Urbanization is a global trend. So when we think about new approaches to urbanization here in China, we believe that they are of value for other countries facing similar issues. In other words, China’s success in urbanization could pave the way for global rethinking on how cities can be built to be healthy, efficient, and successful.
Urbanization done well, and in particular, when it also addresses integrated urban-rural development, is essentially about sharing prosperity. It is critical for shifting a development model from focusing on quantity towards quality. It is about ensuring that the benefits of development and growth reach all citizens—whether they move to the mega cities, smaller towns, or live in a rural setting.
Urbanization can be an engine of growth—if handled well—but it needs attention and sound policies. Indeed, few countries reach high-income status without high levels of urbanization.
A joint study conducted by the World Bank Group and the Development Research Center of China’s State Council, recommends priorities to establish a new urbanization model that prioritizes reforming three areas: land management and ownership, the household registration system as well as urban and local government finances.
China needs denser, not larger, cities. The low-density urban sprawl has taken its toll, and the amount of farmland still available is close to the “red line” considered necessary to ensure food security. China should focus on efficient land use, document land rights for farmers, and improve compensation for rural land taken for urban construction. So far, most of that new urban land was taken from farmers with very low compensation, often no more than 20 percent of market prices. Paying farmers based on market prices would have prevented the large urban-rural inequality gap, a major source for social unrest in China today. It would have left more land for agricultural production and environmental preservation
Meanwhile, China should switch from the hukou, the origin-based registration system, to one based on residence. The 260 million migrants still excluded by the current system should have access to basic public services. Subsidies from the central government would help cities with the most number of migrants to make the transition into a residence-based system, with a nationwide standard for public services. It would also be important to make pension benefits portable across China. That will help ensure that people can move across China without a de-facto migration tax.
Reforms should change the source of local government revenues, now overly dependent on land-based financing. Cities can generate more stable revenues through measures such as housing and car taxes. The central government also should set up regulations so that cities can raise funds through bond markets and financial institutions for long-term investments. To discourage risky borrowing and shadow banking, the central government should impose hard budget constraints and set an explicit framework for local government borrowing.

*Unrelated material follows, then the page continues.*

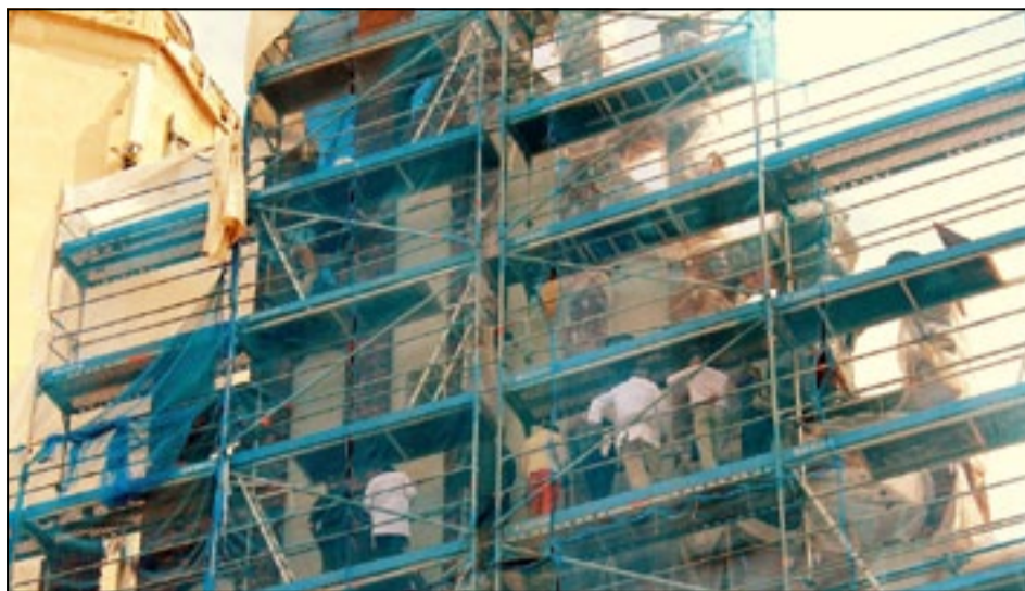
Eksperti oceniali postęp prac, zgodność ich wykonania z dokumentacją projektową i zastosowane materiały

Kościół pw. św. Jerzego jest najstarszym sakralnym zabytkiem Dzierżoniowa. Od kilku lat wewnątrz i na zewnątrz prowadzone są w nim konieczne i zarazem bardzo kosztowne prace konserwatorskie. Ich efekty oglądać możemy na co dzień.

One key element: local governments should be given incentives in their performance evaluation to enforce existing environmental laws and make sound decisions to foster an efficient, inclusive and sustainable urbanization process. We all know that China already has an impressive set of environmental regulations, but they should be effectively enforced. Local officials should also be encouraged to use market-based tools, such as taxes and trading systems for carbon, air and water pollution, to combat environmental degradation. That would also make economic sense: mortality and health problems caused by air pollution costs China as much as $300 billion a year.
That’s why new urbanization must be affordable and it will be. On current trends, China’s cities would spend some $5.3 trillion on infrastructure over the next fifteen years. But with more efficient, denser cities China can save some $1.4 trillion in infrastructure spending—or 15 percent of last year's GDP.
The urbanization agenda is undoubtedly ambitious, and it requires stamina, persistence and vision. The World Bank will continue to support China’s move in such a promising direction and continue its ongoing collaboration in climate change, promoting clean energy, reducing traffic jams and air pollution, and improving flood risk management.
The work ahead on urbanization is in line with the Bank’s major goals: ending poverty by 2030 and promoting shared prosperity. To achieve the latter it is critical to improve the lives of Chinese citizens and help the global effort in achieving sustainable and clean growth.
After the remarkable feat of lifting nearly half a billion people out of poverty in the last 30 years, China is ready to repeat this success in a key area of development: urbanization.
The good news is that the Chinese government is already implementing many of the recommendations of this joint study. The plans put people squarely at the center of reforms. This is a very strong sign that policy makers are not only recognizing the challenges, but also the opportunities that sound urbanization contributes to more and better growth.
If China succeeds, both the Chinese people and people worldwide will reap benefits.